Chair of the Executive Board Cllr Francis Burkitt welcomed the news: “We are delighted that our current approach has been so strongly endorsed and recognises the vision of local authorities to work together to achieve a step-change in travel for the future.

“It’s also pleasing to see that all the lobbying by the GCP, MPs and other local partners, for a possible new train station at Cambridge South and an all-movements interchange at the M11/Girton junction has been heard, and I’m optimistic the Government will listen to the NIC case for this.”

Cambridgeshire County Council’s Chair of the Economy and Environment Committee and Transport Portfolio Holder for GCP, Councillor Ian Bates, who is also Chairman of the East West Rail Consortium, added: “We absolutely support the call from the National Infrastructure Commission today. This would be a huge boost for the county linking Cambridge, Milton Keynes and Oxford.

“Now we need to work with our local partners, together with Government, for the benefit of our county.

“We’ve chaired the East West Rail consortium to progress East West Rail as it’s a nationally important economic corridor.

“Not only have we been listened to but it’s now possible new links could be accelerated to benefit our local communities and the region beyond.”

The NIC has also recommended the appointment of a new “cycling and sustainable travel Commissioner” for each city to further develop and promote the commuter cycling network.

The Partnership is currently testing its future transport strategy – including how it will encourage a switch to public transport and active travel for the trips within the city – as part of its ‘big conversation’ campaign with feedback set to inform decisions next year.

The NIC's Partnering for Prosperity report can be viewed here: https://www.nic.org.uk/wp-content/uploads/Partnering-for-Prosperty-Report.pdf 

The GCP first last mile report can be viewed at https://www.nic.org.uk/wp-content/uploads/Greater-Cambridge-Partnership-First-Last-Mile-Strategy-Report-2017.pdf

Background

In March 2017 the National Infrastructure Commission invited Cambridge, Milton Keynes and Oxford to each develop a transport strategy that delivers a vision for the future of transport across the Cambridge, Milton Keynes, Oxford corridor.

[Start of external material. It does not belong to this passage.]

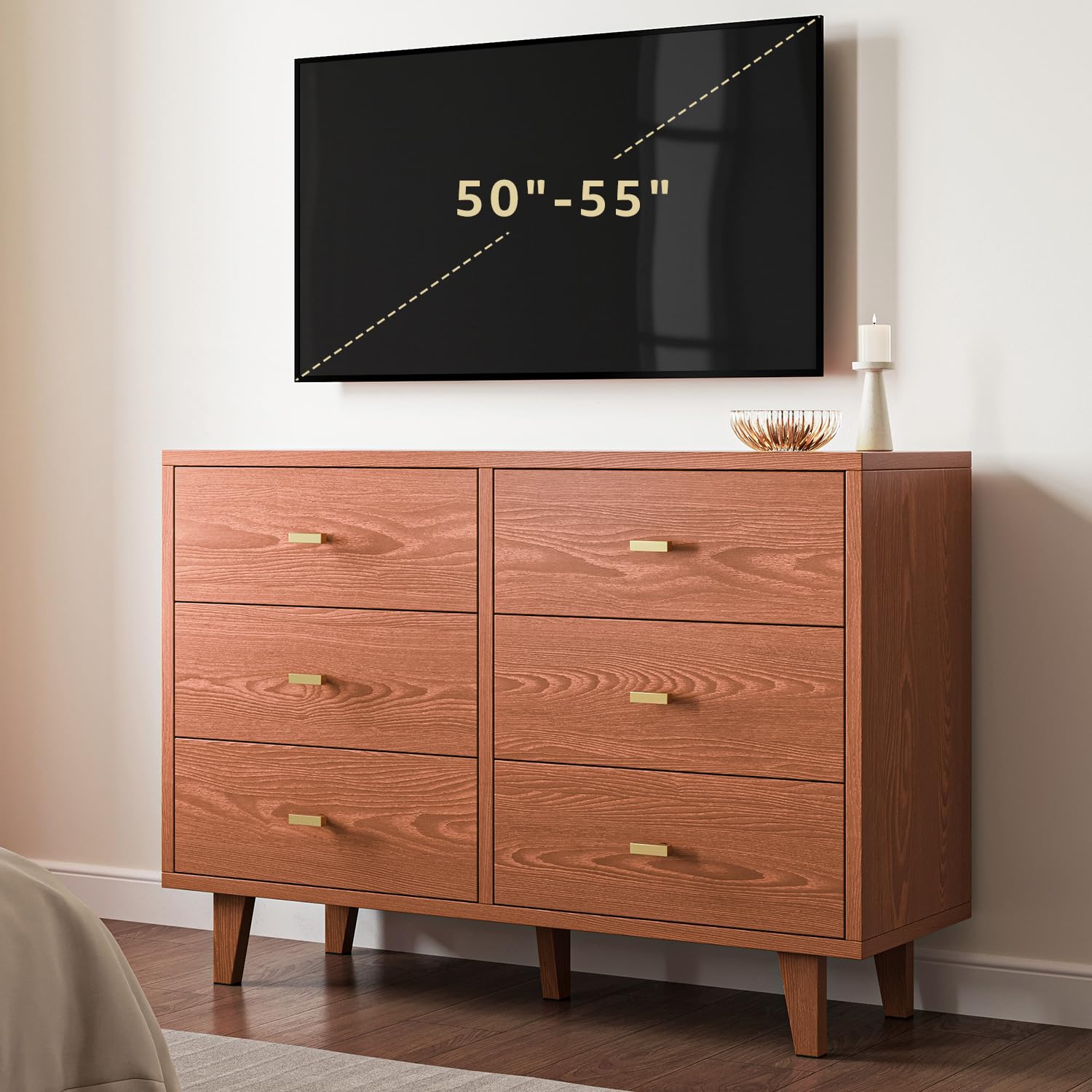 6 Drawer Walnut Wood Dresser 47 Inch Mid-Century Chest
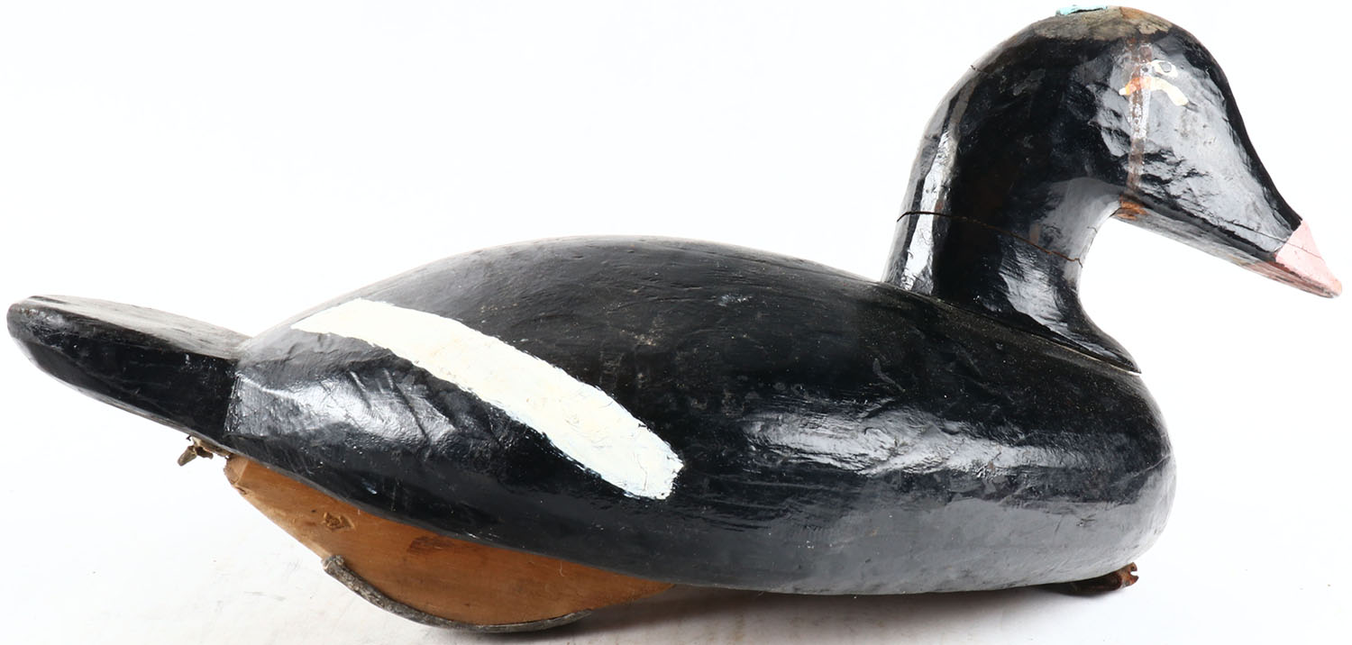 Scoter by unknown maker, painted eyes, solid wood, original paint, structurally excellent. Grade: Very Good ++ - Value: 50 to 100

The Greater Cambridge Partnership developed a “First Last Mile” strategy for Greater Cambridge that clearly sets out how the benefits of East West Rail and the Cambridge to Oxford Expressway can be maximised.

The Greater Cambridge strategy identifies seven key corridors for future infrastructure investment to unlock new homes and connect people to high value added jobs in Greater Cambridge and the interchange with East-West Rail.

To support this, the strategy identifies a programme of investment covering up to £1billion over the 15 years from now until 2031. Some of this is allocated to programmes and projects already, other elements are in development and pending the result of technical studies or business cases that are currently underway.

The strategy was submitted to the National Infrastructure Commission in September 2017 and today the NIC has published the Strategy Assessment Report carried out by consultants Steer Davies Gleave.

What is the first-last mile strategy for Cambridge?

Greater Cambridge is growing and set to experience an increase in journey demand of up to 30% over the next 15 years.

To absorb this growth in a way that prevents further congestion, local authorities and stakeholders are working together to invest in ‘better, greener travel’ – to encourage people out of their cars and onto public transport, cycling or walking journeys.

This is particularly acute in the city where space is at a premium and daily gridlock is impacting on people, business and the environment.

Our first-last-mile strategy proposes a set of ‘carrots and sticks’ – incentives and disincentives to encourage more people to switch to public transport and active travel within Cambridge by making these journeys faster, safer, more convenient and attractive.

Within this we propose a range of options for reducing congestion at peak-times, including the potential for this to raise on-going revenue to reinvest in an ever better public transport system.

These are future proposals under development and currently being tested with the public as part of our ‘big conversation’ campaign. Feedback will help inform decisions next year.